Given information
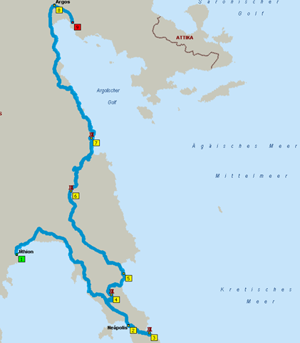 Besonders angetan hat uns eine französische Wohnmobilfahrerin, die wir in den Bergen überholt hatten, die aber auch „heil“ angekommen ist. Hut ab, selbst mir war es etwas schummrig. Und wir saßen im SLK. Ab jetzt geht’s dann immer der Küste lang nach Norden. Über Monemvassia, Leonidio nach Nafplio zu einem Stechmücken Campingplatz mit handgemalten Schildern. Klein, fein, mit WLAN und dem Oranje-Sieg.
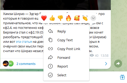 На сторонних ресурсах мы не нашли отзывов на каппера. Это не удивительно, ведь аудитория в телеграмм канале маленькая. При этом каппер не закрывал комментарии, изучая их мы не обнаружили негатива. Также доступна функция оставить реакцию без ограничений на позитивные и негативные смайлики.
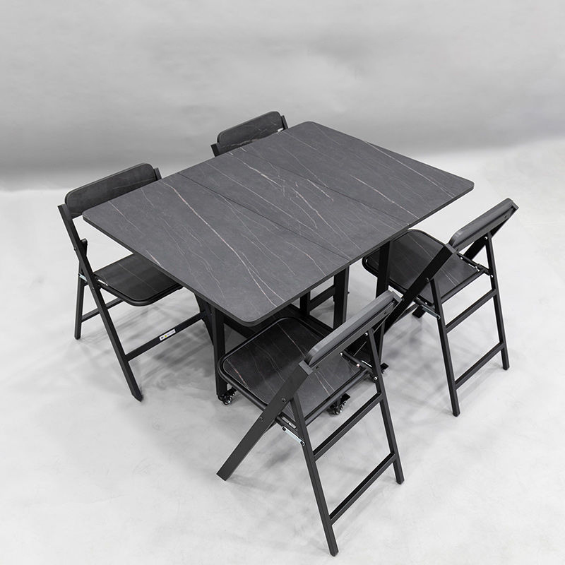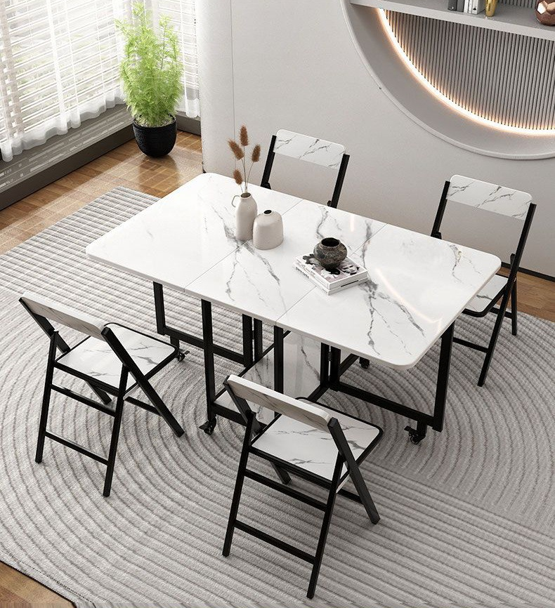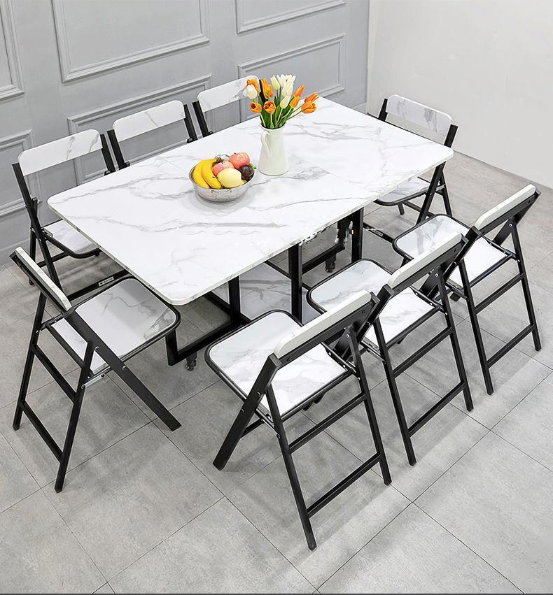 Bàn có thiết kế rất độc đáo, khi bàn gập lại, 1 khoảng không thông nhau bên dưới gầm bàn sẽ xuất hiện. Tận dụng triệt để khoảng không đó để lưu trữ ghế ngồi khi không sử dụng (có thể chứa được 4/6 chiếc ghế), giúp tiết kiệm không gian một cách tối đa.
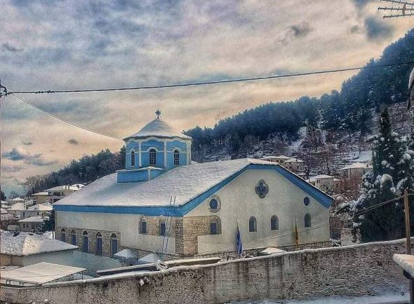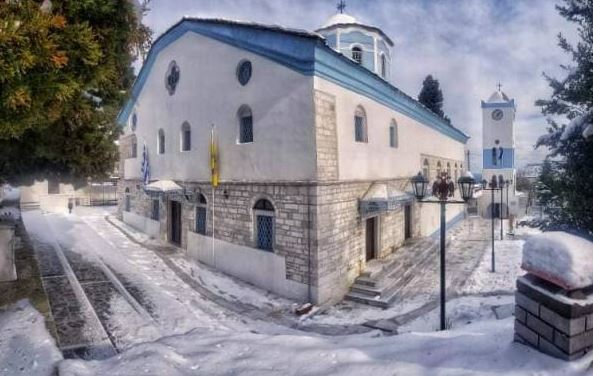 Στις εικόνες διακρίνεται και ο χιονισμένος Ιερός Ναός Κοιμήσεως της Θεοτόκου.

Problem
Repeat the material above exactly; any picture in it is left out.

Task result
 Besonders angetan hat uns eine französische Wohnmobilfahrerin, die wir in den Bergen überholt hatten, die aber auch „heil“ angekommen ist. Hut ab, selbst mir war es etwas schummrig. Und wir saßen im SLK. Ab jetzt geht’s dann immer der Küste lang nach Norden. Über Monemvassia, Leonidio nach Nafplio zu einem Stechmücken Campingplatz mit handgemalten Schildern. Klein, fein, mit WLAN und dem Oranje-Sieg.
 На сторонних ресурсах мы не нашли отзывов на каппера. Это не удивительно, ведь аудитория в телеграмм канале маленькая. При этом каппер не закрывал комментарии, изучая их мы не обнаружили негатива. Также доступна функция оставить реакцию без ограничений на позитивные и негативные смайлики.
 Bàn có thiết kế rất độc đáo, khi bàn gập lại, 1 khoảng không thông nhau bên dưới gầm bàn sẽ xuất hiện. Tận dụng triệt để khoảng không đó để lưu trữ ghế ngồi khi không sử dụng (có thể chứa được 4/6 chiếc ghế), giúp tiết kiệm không gian một cách tối đa.
 Στις εικόνες διακρίνεται και ο χιονισμένος Ιερός Ναός Κοιμήσεως της Θεοτόκου.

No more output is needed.